I am using sdeint as it is shown in the 2nd example. So multi-dimensional independent driving Wiener processes. Is it possible to save the noise for every dimension/timestep?

[superconvergence]

It is possible to use directly the underlying integrator (sdeint.itoSRI2) which offers an option to explicitly specify Wiener increments (argument dW). You can generate the increments using e.g. numpy.random.randn and from those it is straightforward to calculate the noise.

[mattja]

Yes, superconvergence is right. You pre-generate the noise, then pass it in to itoSRI2() or itoEuler().
You can use the function sdeint.deltaW(n, m, h) to pre-generate the noise increments.
(It just calls numpy.random.normal internally)

But please note that if you want to save enough information so you can replay the same realization of the Wiener process, then storing the increments dW is not enough.

You also need to store a realization of the repeated integrals I
This is because, even if you know that the Wiener process went from point A to point B duing the short time h, there are many different paths it could have taken from A to B during that short time. The repeated integrals will be different depending on which path was taken between time steps in a specific realization.
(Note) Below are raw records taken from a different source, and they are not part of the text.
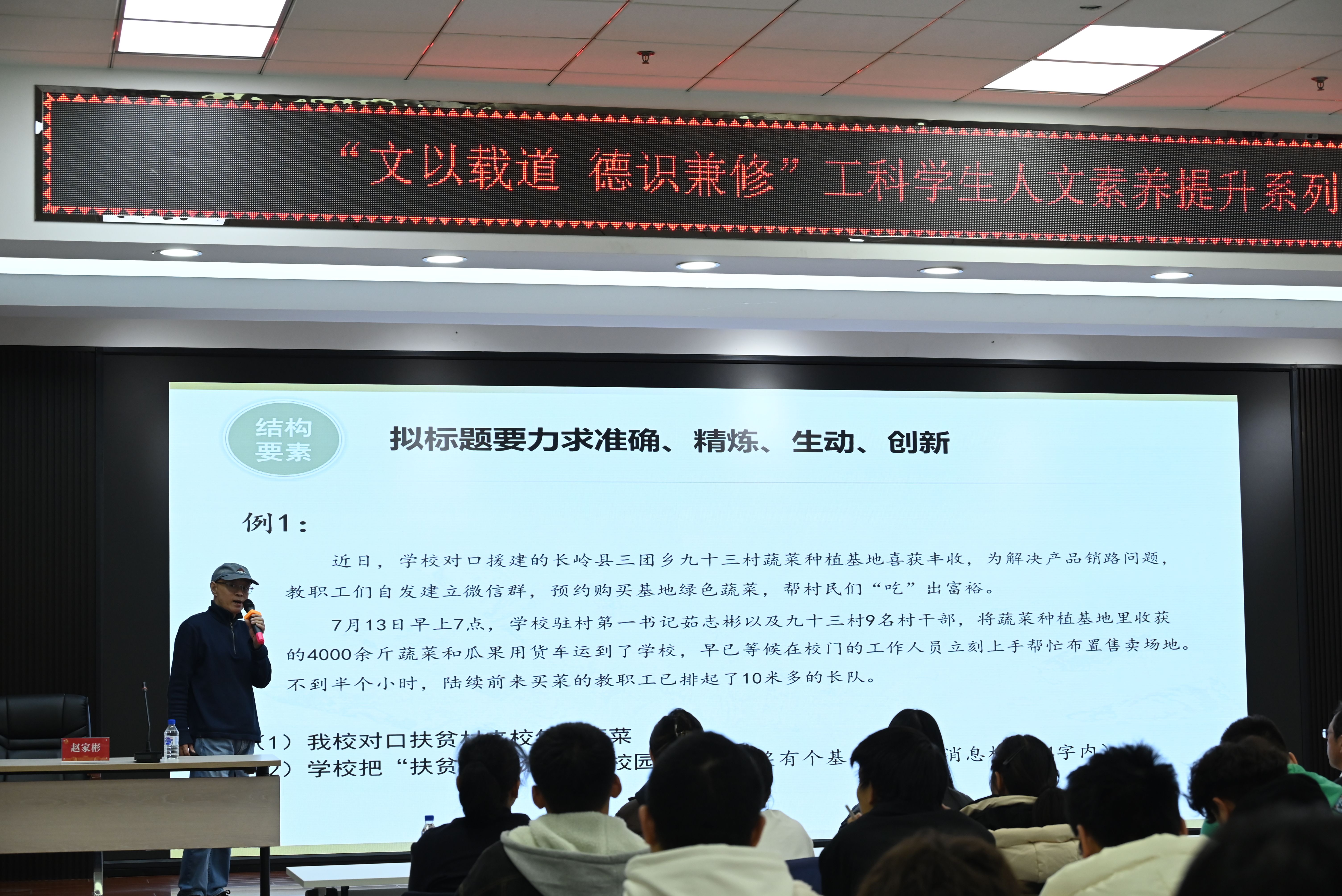 为提高公司员工的新闻写作能力,11月5日,公司团委在逸夫机械材料馆802报告厅举办了“文以载道,德识兼修”工科员工人文素养提升系列活动。本期活动特别邀请公司党委宣传部赵家彬老师作为主讲嘉宾,公司行政副经理马研、员工工作办公室全体辅导员老师出席本次活动,团学组织全体成员参与。赵老师以丰富的新闻宣传经验和深厚的专业知识,为同学们带来了一场知识盛宴。
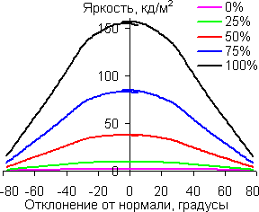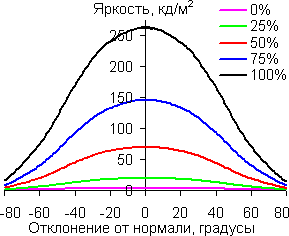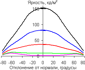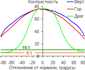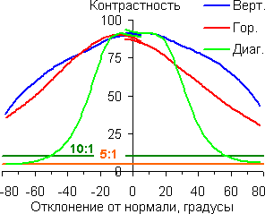 Графики показывают, что яркость экрана при выводе белого цвета и оттенков серого плавно меняется при отклонении от нормали к экрану по горизонтали и по вертикали, при этом графики полутонов не пересекают друг друга. Контрастность, как в горизонтальном, так и в вертикальном направлениях остается высокой вплоть до 78 градусов (156 в сумме). В диагональном направлении из-за значительного увеличения яркости черного поля контрастность уже при 50-60 градусах становится меньше 10:1, и при 78 градусах опускается почти до 5:1.
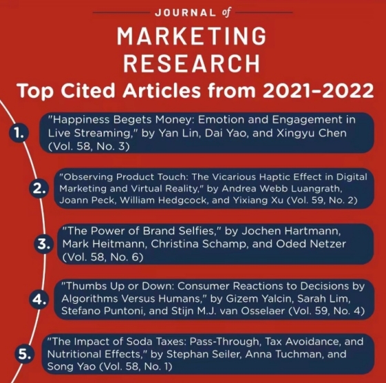 根据UTD 24 顶级期刊 Journal of Marketing Research 最新引用数据,管理学院陈星宇教授和合作者(澳门大学林䶮助理教授和香港理工大学姚岱副教授)于2021年发表的“Happiness begets money: emotion and engagement in live streaming”的论文入选2021-2022年JMR高被引论文第一名(2021-2022 Top Cited Articles #1),也是Web of Science高被引论文(Highly Cited Papers)。此外,这篇论文不仅作为当期首发文章(Lead Article)引领了学术讨论的浪潮,更以其独特的视角和深入的研究方法,成为近三年内JMR最高引用的论文(Most Cited Articles #1),同时在近六个月内收获了较高的读者关注度,位列“Most Read Articles”之列。
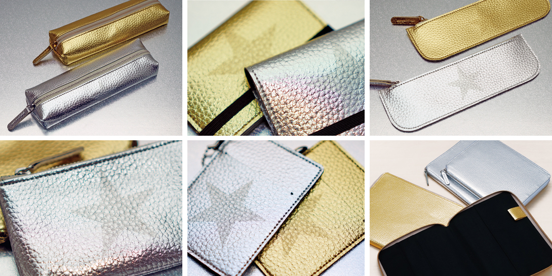 インパクトのあるシルバーとゴールドの輝きと独特のシボ感を持った合皮素材を用いたSILVER & GOLD。
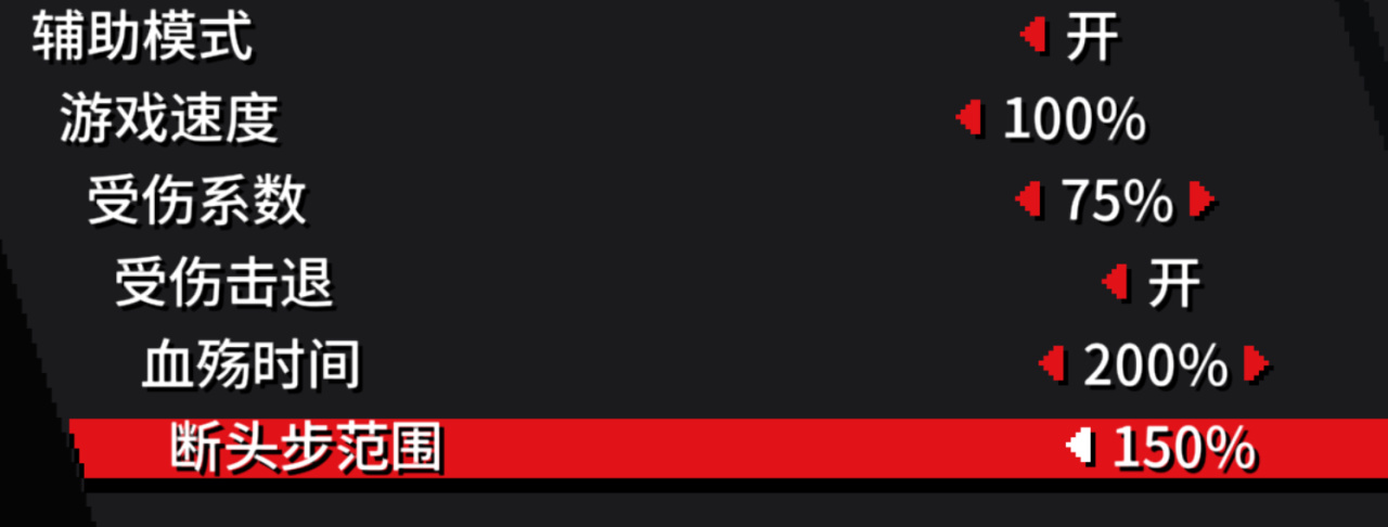 如果你和我一样都是跳跳乐苦手或者想爽玩,游戏自带辅助模式,可调节难度。更低伤害系数(可调至0)、可关闭击退、更长血殇时间、更大的断头步范围。
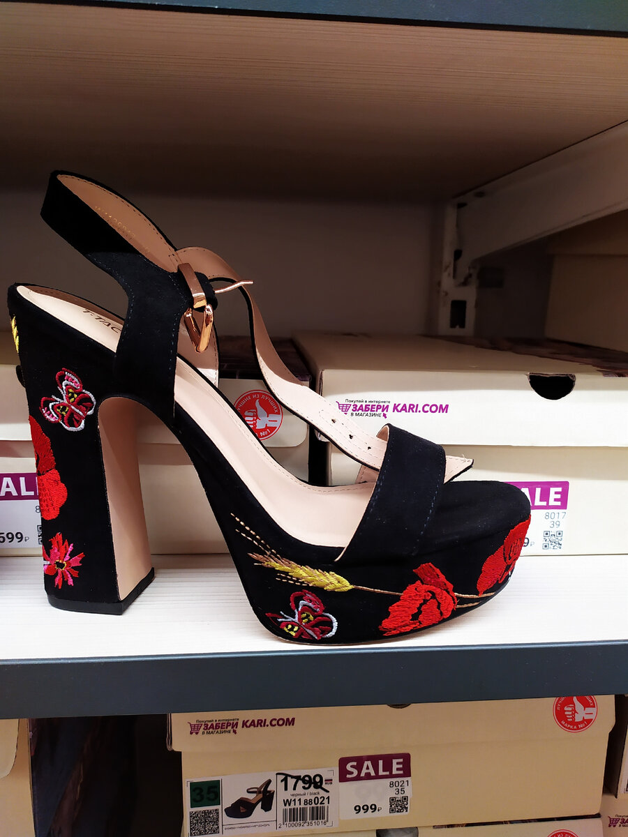 Конец августа, а в KARI на летнюю женскую обувь вновь снижают цены, чтобы всё распродать. Я помню босоножки которые стоили ещё в мае 1999 рублей, сейчас на полке уже за 599 рублей. И так практически все модели. В этом обзоре хочу предложить вашему вниманию летнюю женскую обувь, которую я заметила в это посещение KARI города Крымск. Чёрные замшевые босоножки с цветочным ярким рисунком на высоком устойчивом каблуке. Цена 599 рублей. Белые тканевые сандалии на толстой подошве и застёжкой на липучке. Цена 999 рублей. Синие сандалии с массажной стелькой и перфорацией. Цена 999 рублей. Чёрные замшевые босоножки на высоком устойчивом каблуке. Цена 799 рублей. Бежевые босоножки на средней платформе. Цена 799 рублей. Жёлтые босоножки на танкетке и прозрачным ремешком на носке. Цена 999 рублей. Бежевые босоножки с чёрным закрытым носком на толстом каблуке. Цена 799 рублей. Серые шлёпанцы с блеском и декоративным украшением из блестящих шариков. Цена 999 рублей. Серебристые босоножки на шпильках.
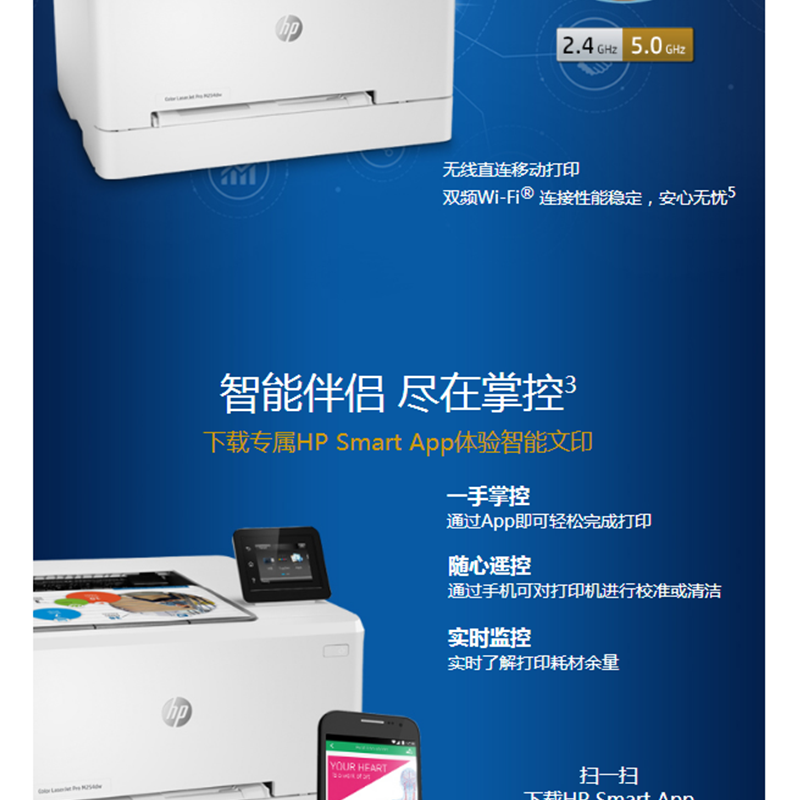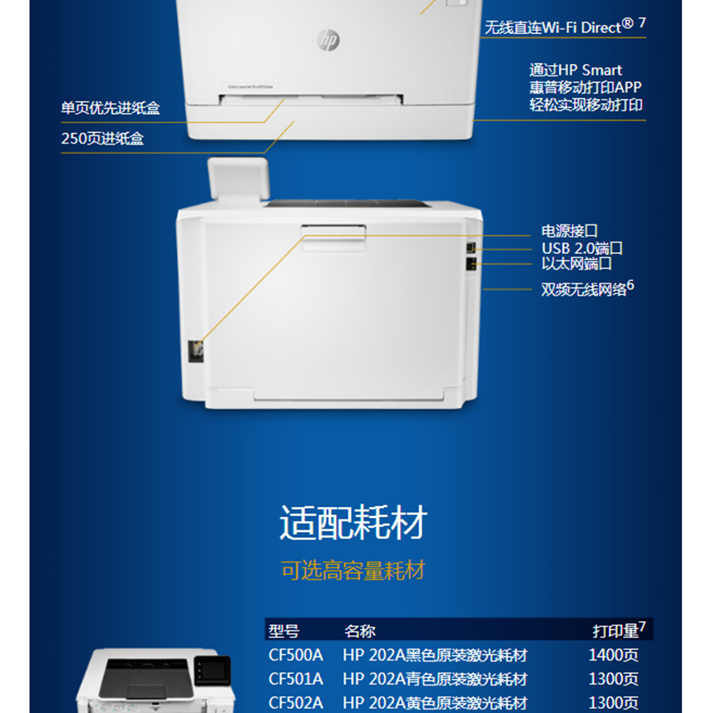 惠普(HP) M254dw 彩色激光打印機 (無線打印,自動雙面)
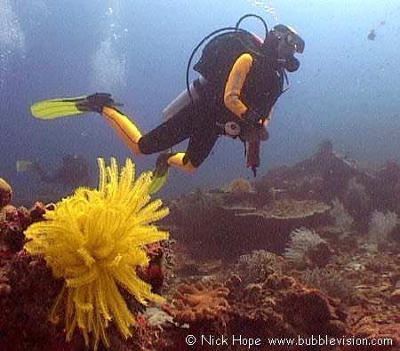 A yellow crinoid (feather star) filters plankton from the water at the coral garden at Koh Tachai.
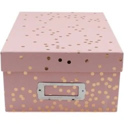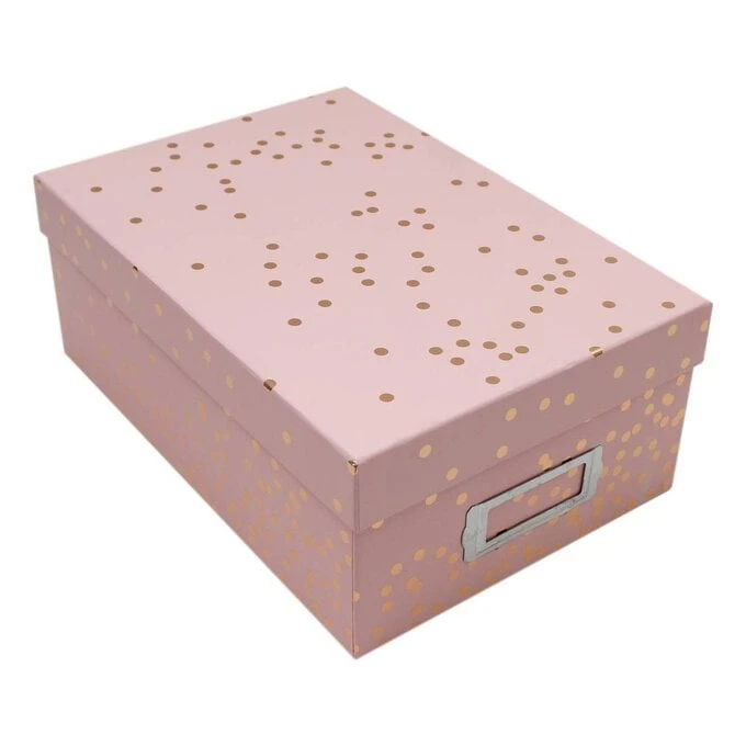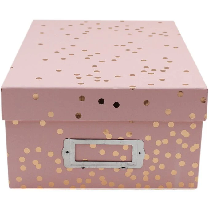 Store photos with ease and add vibrant pattern to your home with this Rose Gold Dot Storage Box!
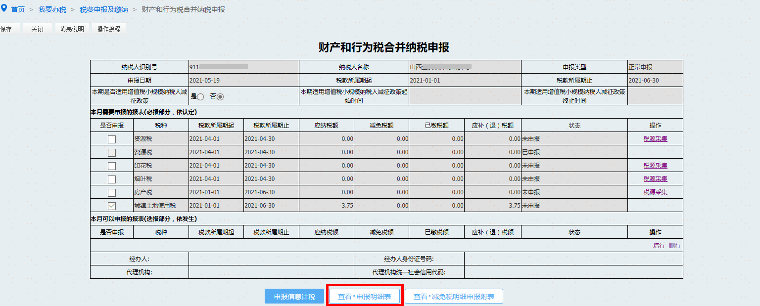 点击【查看·申报明细表】可查看申报明细信息。
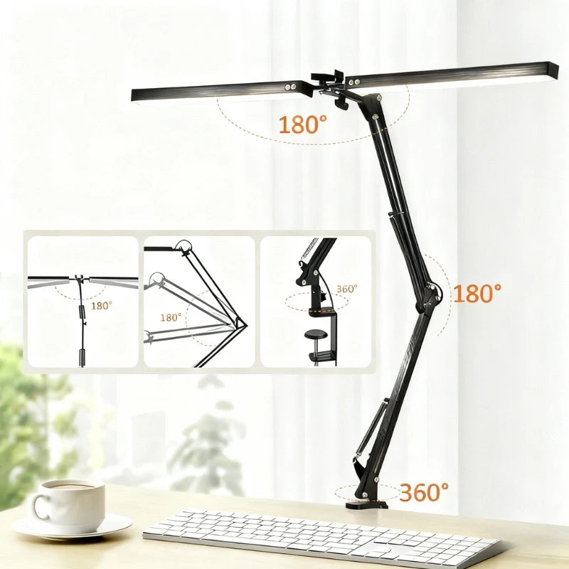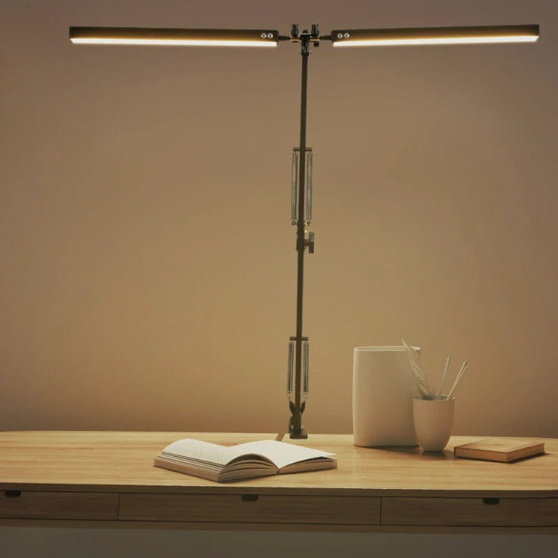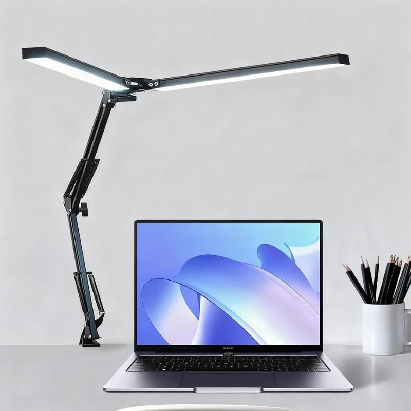 Éclairez votre espace de travail avec la Lampe de Bureau Articulée à Double Tête Homysia, une pièce au design minimaliste qui conjugue précision, flexibilité et douceur lumineuse. Sa silhouette élancée en alliage d’aluminium et ses têtes orientables offrent un éclairage généreux et sans éblouissement, idéal pour créer une atmosphère sereine et concentrée dans un intérieur contemporain.

These repeated integrals I can be pre-generated and stored too, by calling the function sdeint.Ikpw(dW, h) with your pre-generated noise increments. (or similarly Jkpw in the case of a Stratonovich system).

So if you want to be able to replay the noise process exactly, the example code becomes:

import numpy as np
import sdeint

A = np.array([[-0.5, -2.0],
              [ 2.0, -1.0]])

B = np.diag([0.5, 0.5]) # diagonal, so independent driving Wiener processes

x0 = np.array([3.0, 3.0])

def f(x, t):
    return A.dot(x)
    
def G(x, t):
    return B
    
tspan = np.linspace(0.0, 10.0, 10001)
dW = sdeint.deltaW(10000, 2, 0.001)   # pre-generate Wiener increments
_, I = sdeint.Ikpw(dW, 0.001)  # pre-generate repeated integrals

result = sdeint.itoSRI2(f, G, x0, tspan, dW=dW, I=I)

Then you can save dW and I and re-use them.
You don't need to worry about I if you are using the simple algorithms itoEuler() or stratHeun(). For those, saving the noise increments dW is enough. But any higher-order algorithm will use a realization of repeated integrals I.
Hope this helps.